Retype nothing except the lines below from the one with "Pentel EnerGel Retractable" through the one with "[경남도민뉴스=김미순 기자] 파주시는", exactly, with images left out.

*INFORMATION*:
........
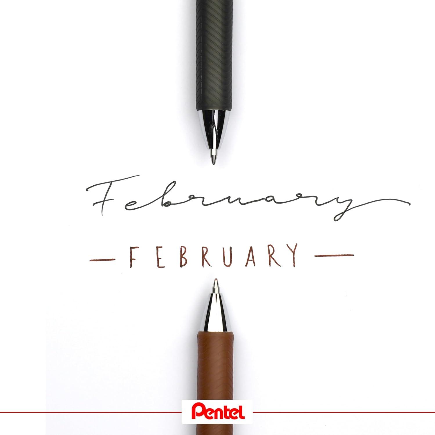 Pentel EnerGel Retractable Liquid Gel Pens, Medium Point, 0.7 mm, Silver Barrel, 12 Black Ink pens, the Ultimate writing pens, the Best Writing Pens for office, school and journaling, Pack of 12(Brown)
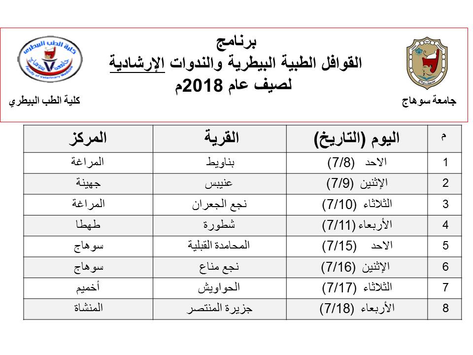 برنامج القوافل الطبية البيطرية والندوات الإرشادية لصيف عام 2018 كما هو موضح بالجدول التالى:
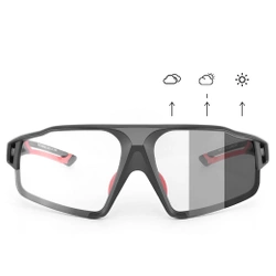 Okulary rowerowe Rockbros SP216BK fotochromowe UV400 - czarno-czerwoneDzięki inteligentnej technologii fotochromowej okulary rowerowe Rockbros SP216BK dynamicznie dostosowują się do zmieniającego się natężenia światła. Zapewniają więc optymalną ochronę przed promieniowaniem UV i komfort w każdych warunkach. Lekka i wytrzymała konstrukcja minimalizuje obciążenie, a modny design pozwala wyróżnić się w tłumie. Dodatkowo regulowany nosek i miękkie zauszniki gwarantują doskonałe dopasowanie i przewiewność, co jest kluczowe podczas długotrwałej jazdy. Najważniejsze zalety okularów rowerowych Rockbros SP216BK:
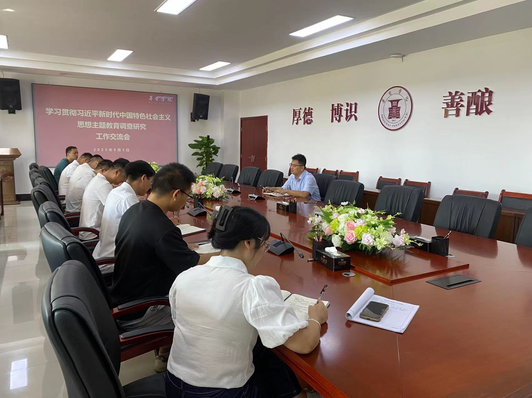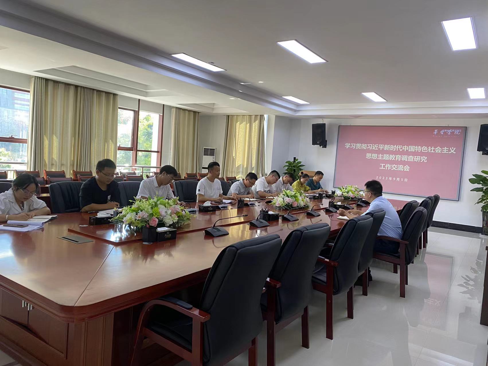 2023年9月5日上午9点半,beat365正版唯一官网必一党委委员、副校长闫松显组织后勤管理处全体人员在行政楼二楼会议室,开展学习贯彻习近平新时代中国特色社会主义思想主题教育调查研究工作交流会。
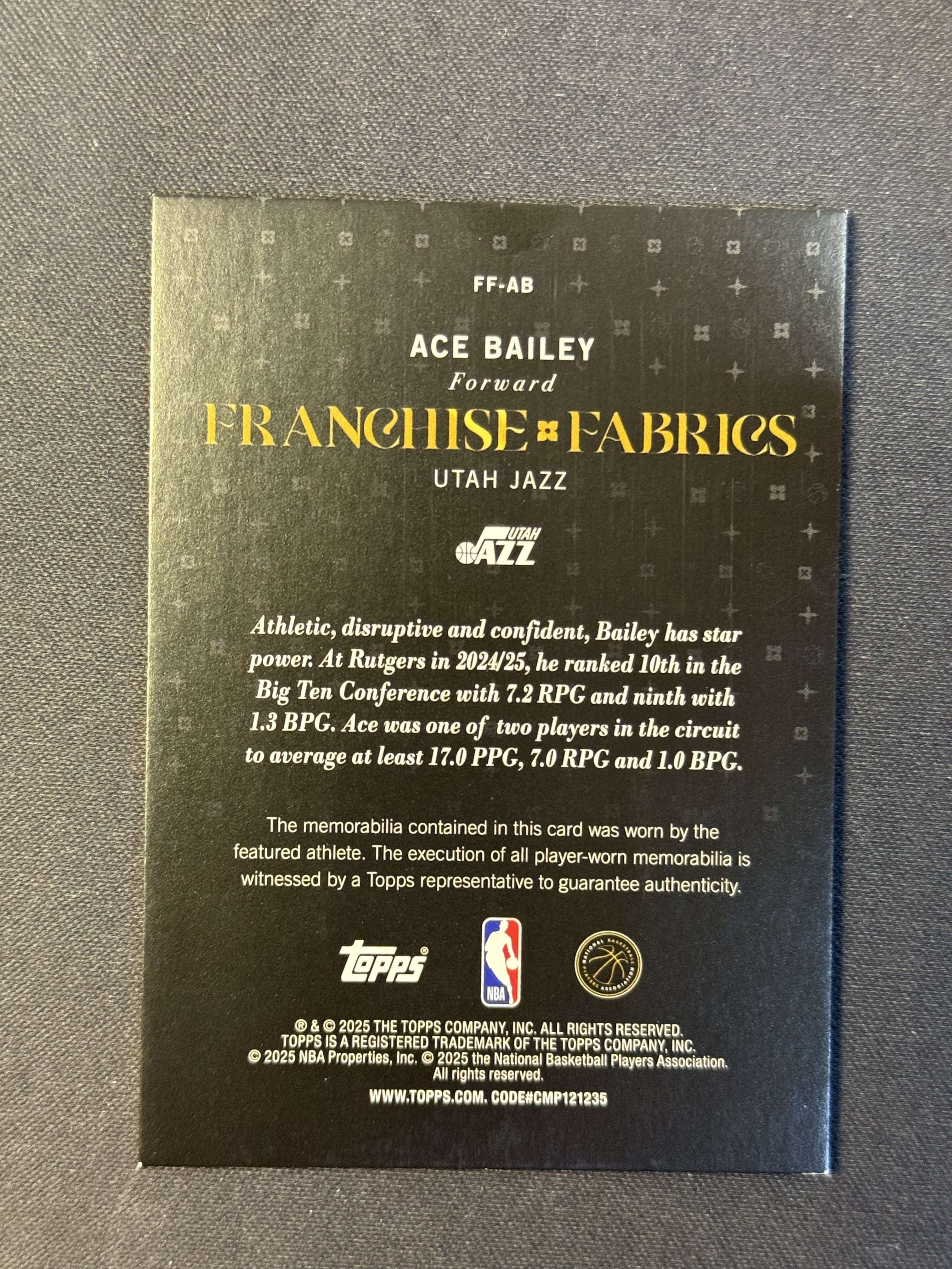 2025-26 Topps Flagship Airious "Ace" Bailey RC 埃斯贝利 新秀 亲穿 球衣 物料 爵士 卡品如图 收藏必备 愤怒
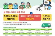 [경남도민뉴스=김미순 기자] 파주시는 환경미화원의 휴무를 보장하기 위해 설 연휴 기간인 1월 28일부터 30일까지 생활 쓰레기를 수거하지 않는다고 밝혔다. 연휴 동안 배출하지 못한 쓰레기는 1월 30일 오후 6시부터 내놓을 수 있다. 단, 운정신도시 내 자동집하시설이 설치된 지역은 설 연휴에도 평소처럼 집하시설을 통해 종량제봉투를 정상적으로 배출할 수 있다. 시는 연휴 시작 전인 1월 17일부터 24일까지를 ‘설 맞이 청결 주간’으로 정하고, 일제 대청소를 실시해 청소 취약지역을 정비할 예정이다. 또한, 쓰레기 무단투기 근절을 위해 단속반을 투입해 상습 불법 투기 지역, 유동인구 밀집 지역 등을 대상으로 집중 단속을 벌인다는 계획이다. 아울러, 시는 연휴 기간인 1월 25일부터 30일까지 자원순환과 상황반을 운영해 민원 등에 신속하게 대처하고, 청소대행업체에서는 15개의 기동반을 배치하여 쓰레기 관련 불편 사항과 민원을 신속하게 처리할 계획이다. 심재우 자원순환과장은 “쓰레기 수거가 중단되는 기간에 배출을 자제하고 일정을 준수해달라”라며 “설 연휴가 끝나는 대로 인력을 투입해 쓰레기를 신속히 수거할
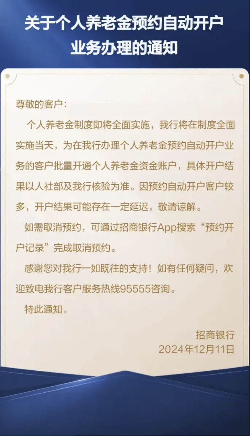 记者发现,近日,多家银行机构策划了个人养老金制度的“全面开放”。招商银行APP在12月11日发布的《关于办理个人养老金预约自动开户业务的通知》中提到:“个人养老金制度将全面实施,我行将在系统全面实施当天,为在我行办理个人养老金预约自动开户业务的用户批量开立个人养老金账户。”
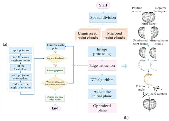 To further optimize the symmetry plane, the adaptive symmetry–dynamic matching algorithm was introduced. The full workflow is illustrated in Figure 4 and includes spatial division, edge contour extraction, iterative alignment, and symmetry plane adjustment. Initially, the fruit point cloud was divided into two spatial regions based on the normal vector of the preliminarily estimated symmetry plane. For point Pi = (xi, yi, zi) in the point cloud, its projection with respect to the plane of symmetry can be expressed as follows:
........
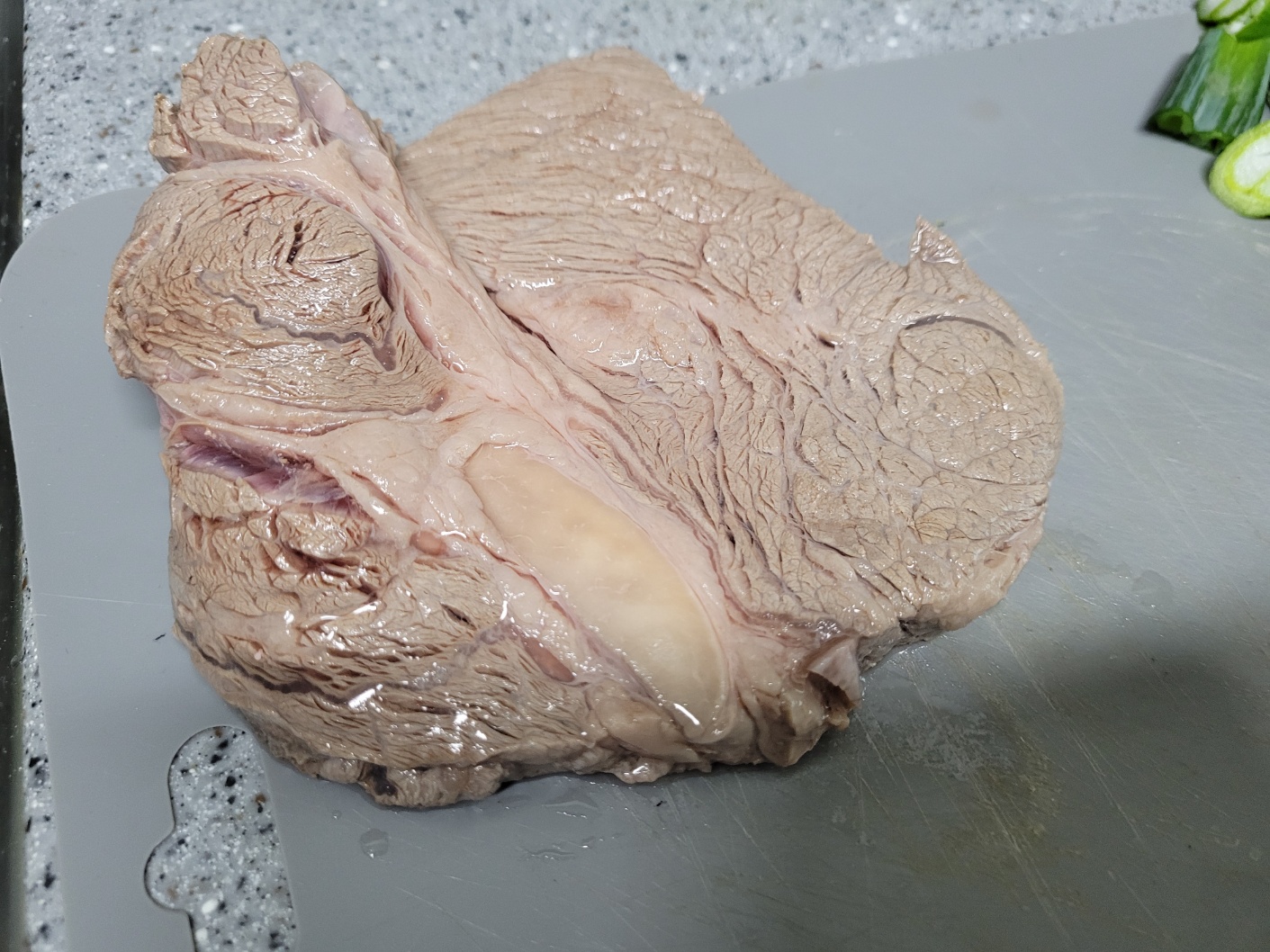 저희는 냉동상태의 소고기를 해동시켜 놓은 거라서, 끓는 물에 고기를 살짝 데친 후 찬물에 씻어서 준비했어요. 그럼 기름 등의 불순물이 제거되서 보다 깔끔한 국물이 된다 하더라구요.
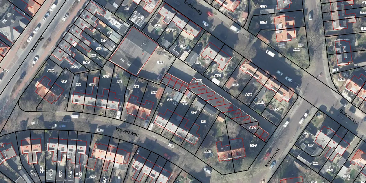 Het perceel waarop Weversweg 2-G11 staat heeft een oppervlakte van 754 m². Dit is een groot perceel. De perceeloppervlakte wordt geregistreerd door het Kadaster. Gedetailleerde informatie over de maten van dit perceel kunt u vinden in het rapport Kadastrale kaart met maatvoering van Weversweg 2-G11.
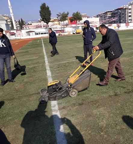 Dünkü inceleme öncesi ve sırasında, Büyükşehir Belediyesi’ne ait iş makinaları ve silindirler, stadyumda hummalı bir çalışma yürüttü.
........
*TASK ANSWER*:
 Pentel EnerGel Retractable Liquid Gel Pens, Medium Point, 0.7 mm, Silver Barrel, 12 Black Ink pens, the Ultimate writing pens, the Best Writing Pens for office, school and journaling, Pack of 12(Brown)
 برنامج القوافل الطبية البيطرية والندوات الإرشادية لصيف عام 2018 كما هو موضح بالجدول التالى:
 Okulary rowerowe Rockbros SP216BK fotochromowe UV400 - czarno-czerwoneDzięki inteligentnej technologii fotochromowej okulary rowerowe Rockbros SP216BK dynamicznie dostosowują się do zmieniającego się natężenia światła. Zapewniają więc optymalną ochronę przed promieniowaniem UV i komfort w każdych warunkach. Lekka i wytrzymała konstrukcja minimalizuje obciążenie, a modny design pozwala wyróżnić się w tłumie. Dodatkowo regulowany nosek i miękkie zauszniki gwarantują doskonałe dopasowanie i przewiewność, co jest kluczowe podczas długotrwałej jazdy. Najważniejsze zalety okularów rowerowych Rockbros SP216BK:
 2023年9月5日上午9点半,beat365正版唯一官网必一党委委员、副校长闫松显组织后勤管理处全体人员在行政楼二楼会议室,开展学习贯彻习近平新时代中国特色社会主义思想主题教育调查研究工作交流会。
 2025-26 Topps Flagship Airious "Ace" Bailey RC 埃斯贝利 新秀 亲穿 球衣 物料 爵士 卡品如图 收藏必备 愤怒
 [경남도민뉴스=김미순 기자] 파주시는 환경미화원의 휴무를 보장하기 위해 설 연휴 기간인 1월 28일부터 30일까지 생활 쓰레기를 수거하지 않는다고 밝혔다. 연휴 동안 배출하지 못한 쓰레기는 1월 30일 오후 6시부터 내놓을 수 있다. 단, 운정신도시 내 자동집하시설이 설치된 지역은 설 연휴에도 평소처럼 집하시설을 통해 종량제봉투를 정상적으로 배출할 수 있다. 시는 연휴 시작 전인 1월 17일부터 24일까지를 ‘설 맞이 청결 주간’으로 정하고, 일제 대청소를 실시해 청소 취약지역을 정비할 예정이다. 또한, 쓰레기 무단투기 근절을 위해 단속반을 투입해 상습 불법 투기 지역, 유동인구 밀집 지역 등을 대상으로 집중 단속을 벌인다는 계획이다. 아울러, 시는 연휴 기간인 1월 25일부터 30일까지 자원순환과 상황반을 운영해 민원 등에 신속하게 대처하고, 청소대행업체에서는 15개의 기동반을 배치하여 쓰레기 관련 불편 사항과 민원을 신속하게 처리할 계획이다. 심재우 자원순환과장은 “쓰레기 수거가 중단되는 기간에 배출을 자제하고 일정을 준수해달라”라며 “설 연휴가 끝나는 대로 인력을 투입해 쓰레기를 신속히 수거할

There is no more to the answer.